All about AEG Batteries Part 1

Source: www.filairsoft.com
Tech Terms


mAh: MilliAmp Hours. A 1 mAh battery could last ~1 hour at at one milliAmp load.
Amps: Amperes, Current
Volts: Voltage
Ohms: Resistance
NiCd: Nickel Cadmium. A rechargeable battery chemistry.
NiMH: Nickel Metal-Hydride. A rechargeable battery chemistry.
LiIon: Lithium-Ion rechargeable chemisty (rare)
LiPoly: Lithium-polymer recheargeable chemsitry (expensive)


Battery Chemistries
There are 4 basic rechargeable batteries and 3 basic kinds of non-rechargeable batteries. The non-rechargeables are carbon-zinc ("Heavy-Duty" or "cheap-o Non-alkaline"), alkaline, and Lithium.

Disposable Batteries
Carbon-zinc batteries are the cheapest cells you can get, they have a fairly low capacity, but have a lower internal resistance than Alkaline (still not as low as NiCd or NiMh), so they can deliver a higher current than alkaline (hence the name "heavy duty").

Alkalines have a higher capacity than the carbon-zincs, but they have a very very high internal resistance. These cells do not deliver high currents well. Their high internal resistance causes them to "droop down" under load. The nominal voltage for alkalines is 1.5 volts, but the high internal resistance will cause them to droop down to less than 1.2 volts when heavily loaded. This is why higher powered devices (like Electric Blow Backs and cheap R/C cars) will work better with NiCds or NiMHs than with Alkalines. They are getting a higher voltage from the rechargeable batteries since the alkalines (that are supposed to be 0.3 volts more per cell) are actually providing less voltage. Alkalines also have a much different discharge graph than do the NiCds and NiMH. Imagine a graph with cell voltage as the vertical axis and the percent of charge remaining in the cell along the horizontal axis. Alkalines have a steadily downward sloping curve. This means that alkalines put out more voltage when they are fresh then when they are used up. They will only provide their best performance when new, and lose some of their power as they are used up.

The last type of non-rechargeable battery technology is the Lithium cell. These batteries have the most capacity, and are the most expensive. They are also lighter in weight and provide 1.7 volts per cell. They can also provide a higher current than alkalines, but not as much as the NiCd, NiMH or lead-acid. They are also very poor value for your money.

Rechargeable Batteries

There are 4 principle chemistries of rechargeable batteries: NiCd, NiMH, Li-ion (Lithium Ion), Li-Poly, and lead-acid.

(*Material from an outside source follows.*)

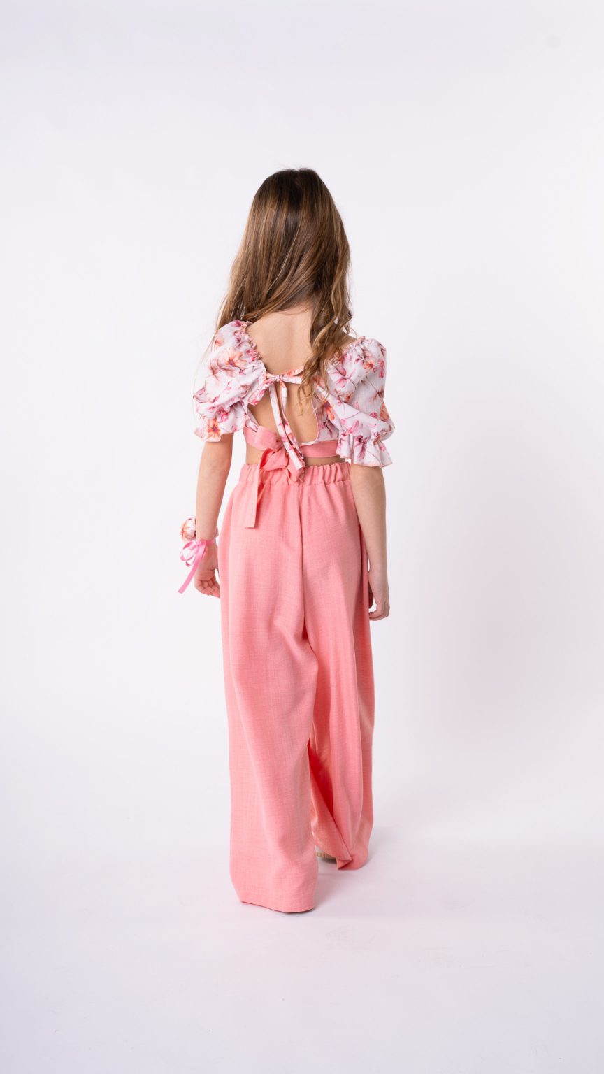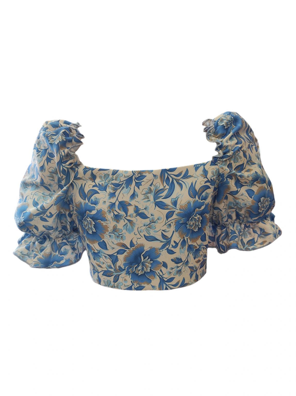 Μπλούζα-κροπ με άνοιγμα στην πλάτη . Μανίκια με λάστιχο στον ποδόγυρο.
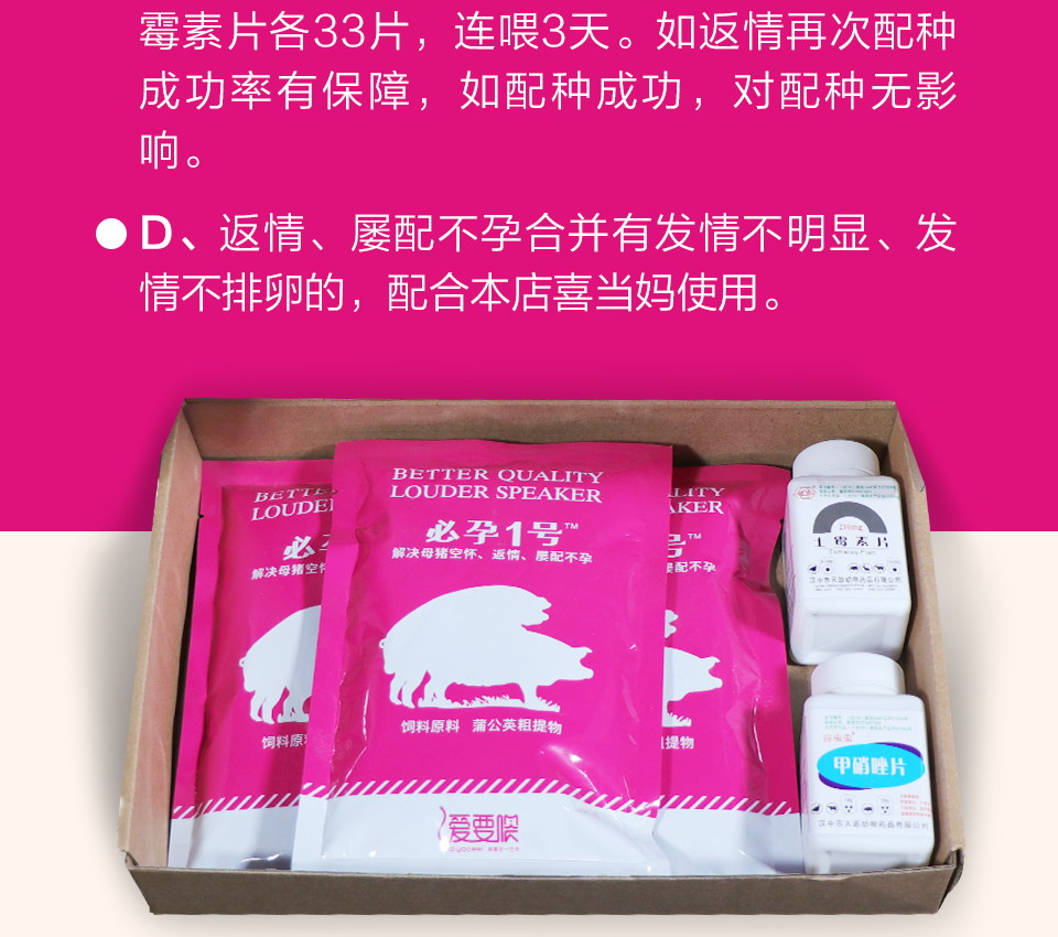 【愛要喂】必孕1號套餐母豬空懷、返情、屢配不孕。母豬保健土霉素甲硝唑產后消炎子宮炎益母促排卵惡露不凈

Li-ion (not to be confused with non-rechargeable Lithium cells) are the newest type of rechargeable battery, and are the lightest that also have the highest capacity. They are designed primarily for capacity. These cells are very fragile. They cannot take the rough treatment of an AEG (high currents). They also tend to explode if they are not charged correctly. These cells are intended for use in high tech mobile stuff, like laptops and cell phones.

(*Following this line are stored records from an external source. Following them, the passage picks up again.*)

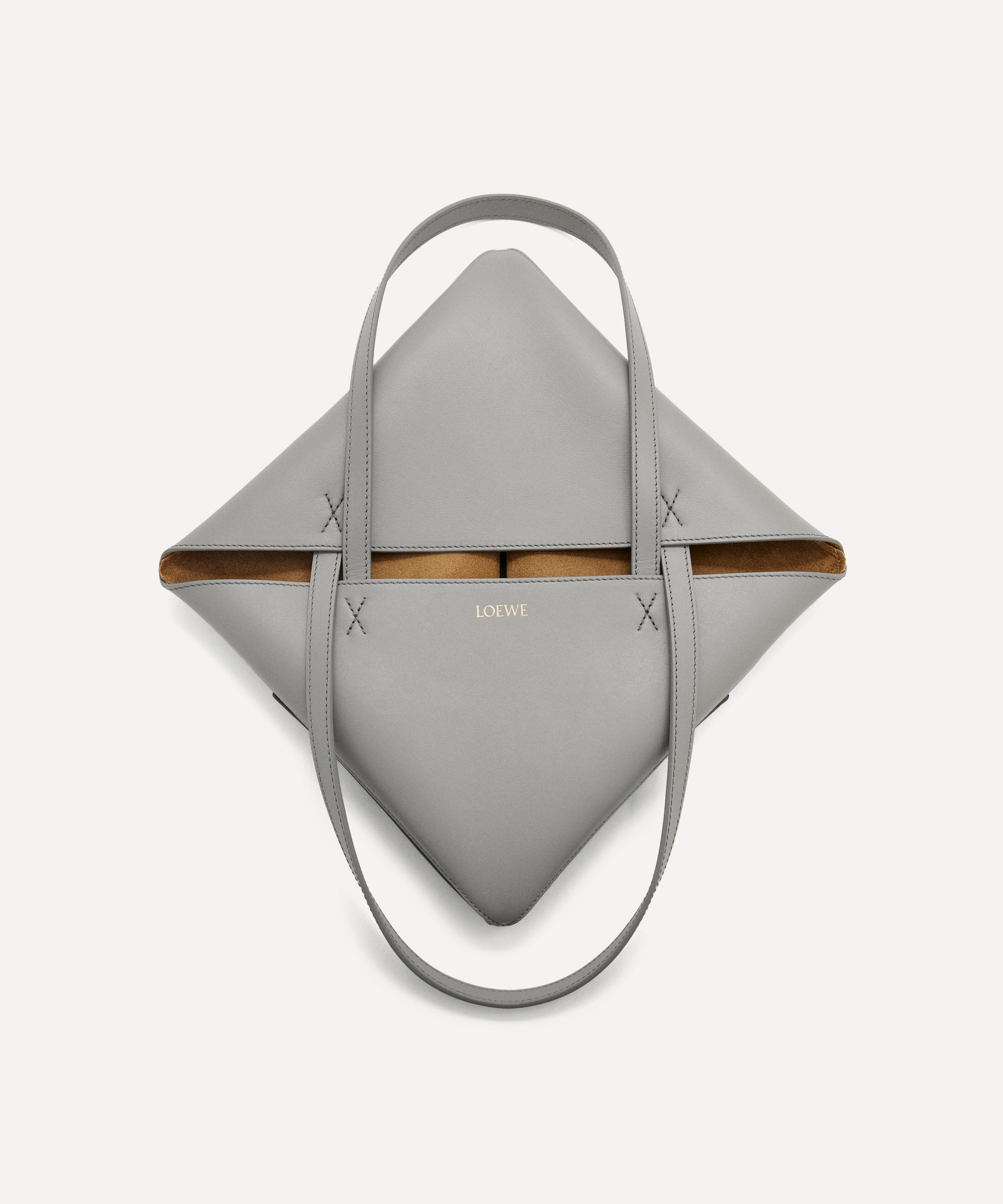 Cut from smooth calfskin leather, it’s characterised by a medium-sized tote that fold completely due to its geometric panel design. The bag is accented with a suede lining and a gold-embossed Loewe logo. Complete with two top handles, it can be worn over the shoulder or carried by hand.
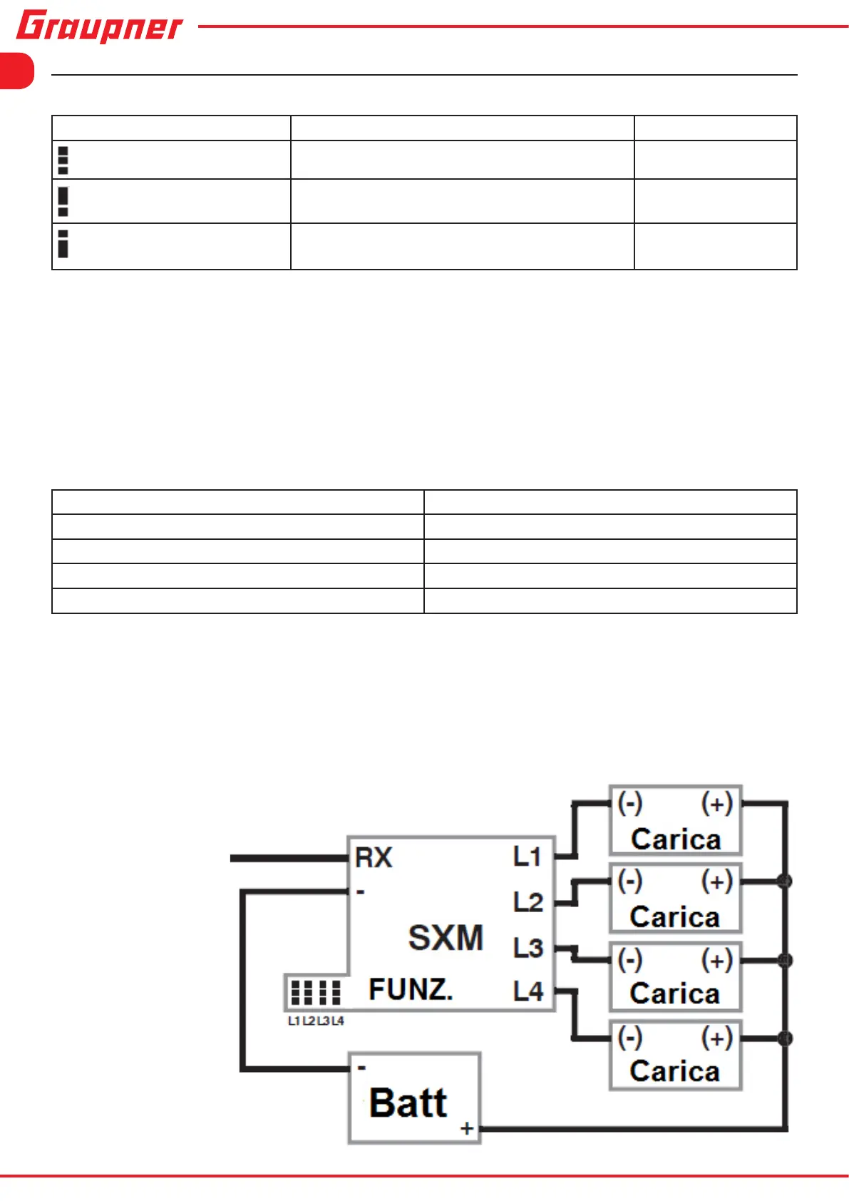 • Il contatto dell‘interruttore collega (ON) oppure divide (OFF) le uscite (da L1 a L4) (-) In una
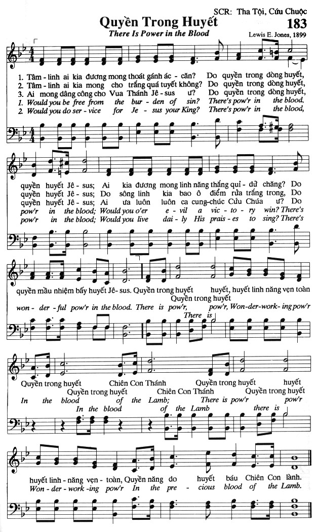 1. Tâm - linh ai kia đương mong thoát gánh ác - căn? Do quyền trong dòng huyết, quyền huyết Jê-sus; Ai kia đương mong linh năng thắng quỉ - dữ chăng? 2. Tâm - linh ai kia mong cho trắng quá tuyết không? Do quyền trong dòng huyết, quyền huyết Jê-sus; Do sông linh kia bao ô điểm rửa trắng trong? 3. Ai mong dâng công cho Vua Thánh Jê - sus ư? Do quyền trong dòng huyết, quyền huyết Jê-sus; Ai ưa luôn luôn ca cung-chúc Cứu Chúa ư? Điệp khúc: Do quyền mầu nhiệm bấy huyết Jê-sus. Quyền trong huyết huyết, huyết linh năng vẹn toàn. Quyền trong huyết Chiên Con Thánh. Quyền trong huyết huyết linh - năng vẹn - toàn, Quyền năng do huyết báu Chiên Con lành.

LiPoly batteries are also coming into usage for airsoft -- while voltage options remain limited, they are about the right size for airsoft, and if you take care to not heat up the gel-packs, are an extremely good high-ROF battery.

There is also the lead-acid type. This battery has two lead electrodes, with sulfuric acid as an electrolyte. They come in two varieties, "wet" cells (car batteries) that have liquid sulfuric acid (which can spill all over the place...not good at all) and SLA (Sealed Lead Acid, or "gel-cells") these are typically used in Uninterruptable Power Supplies for computers. SLAs use sulfuric acid jelly and are sealed so they cannot spill. These batteries are the toughest kind, readily providing huge currents. They are also really cheap. The one main problem is that they have lousy energy density and weight. Their energy density is about on par with NiCd: a gel-cell and a NiCd of the same physical size hold about the same mAh, but the LEAD-acid battery will be twice as heavy. lead-acid batteries are 2 volts per cell, and typically come in 2 volt, 6 volt, 12 volt, and 24 volt sizes.

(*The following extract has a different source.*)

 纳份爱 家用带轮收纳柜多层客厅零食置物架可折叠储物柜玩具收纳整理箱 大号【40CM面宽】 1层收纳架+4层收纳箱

The 2 remaining rechargeable types of batteries are the ones usually used in Airsoft: NiCd batteries, and NiMh batteries. Ni-Cd stands for nickel cadmium, and NiMh stands for nickel metal-hydride. NiMH batteries are a bit more expensive, but they have a higher capacity. NiMH are a bit more difficult to charge than NiCd, so make sure your charger is specified to handle NiMH if you use those type of cells. NiMH also have a higher rate of self discharge. These type of batteries will drain all by themselves if you just let them sit there. NiMH self discharges by about 2-3% a day, while NiCd discharges by about 1% a day. A full battery will be practically empty after sitting on the shelf for about a month.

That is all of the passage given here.